Charged impurity scattering and mobility in gated silicon nanowires

TL;DR

This study investigates how charged impurities affect electron mobility in gated silicon nanowires, revealing differences between dopant types, impurity positioning effects, and limitations of traditional modeling approaches.

Contribution

It provides a detailed analysis of impurity scattering effects on mobility in silicon nanowires using advanced computational methods, highlighting the importance of dopant type and placement.

Findings

Phosphorous dopants behave as tunnel barriers, Boron as Fano resonances.

Mobility varies significantly with dopant type and carrier density.

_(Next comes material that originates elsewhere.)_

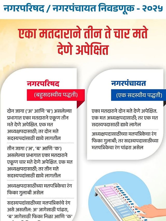नगरपरिषद आणि नगरपंचायत निवडणुकीसाठी प्रत्येक मतदाराला तीन ते चार मत देणे अपेक्षित आहे.

Impurity position and nanowire environment critically influence resistance and mobility.

Abstract

We study the effects of charged impurity scattering on the electronic transport properties of <110>-oriented Si nanowires in a gate-all-around geometry, where the impurity potential is screened by the gate, gate oxide and conduction band electrons. The electronic structure of the doped nanowires is calculated with a tight-binding method and the transport properties with a Landauer-Buttiker Green functions approach and the linearized Boltzmann transport equation (LBTE) in the first Born approximation. Based on our numerical results we argue that: (1) There are large differences between Phosphorous (P) and Boron (B) doped systems, acceptors behaving as tunnel barriers for the electrons, while donors give rise to Fano resonances in the transmission. (2) As a consequence, the mobility is much larger in P- than in B-doped nanowires at low carrier density, but can be larger in B-doped nanowires at high carrier density. (3) The resistance of a single impurity is strongly dependent on its radial position in the nanowire, especially for acceptors. (4) As a result of subband structure and screening effects, the impurity-limited mobility can be larger in thin nanowires embedded in HfO2 than in bulk Si. Acceptors might, however, strongly hinder the flow of electrons in thin nanowires embedded in SiO2. (5) The perturbative LBTE largely fails to predict the correct mobilities in quantum-confined nanowires.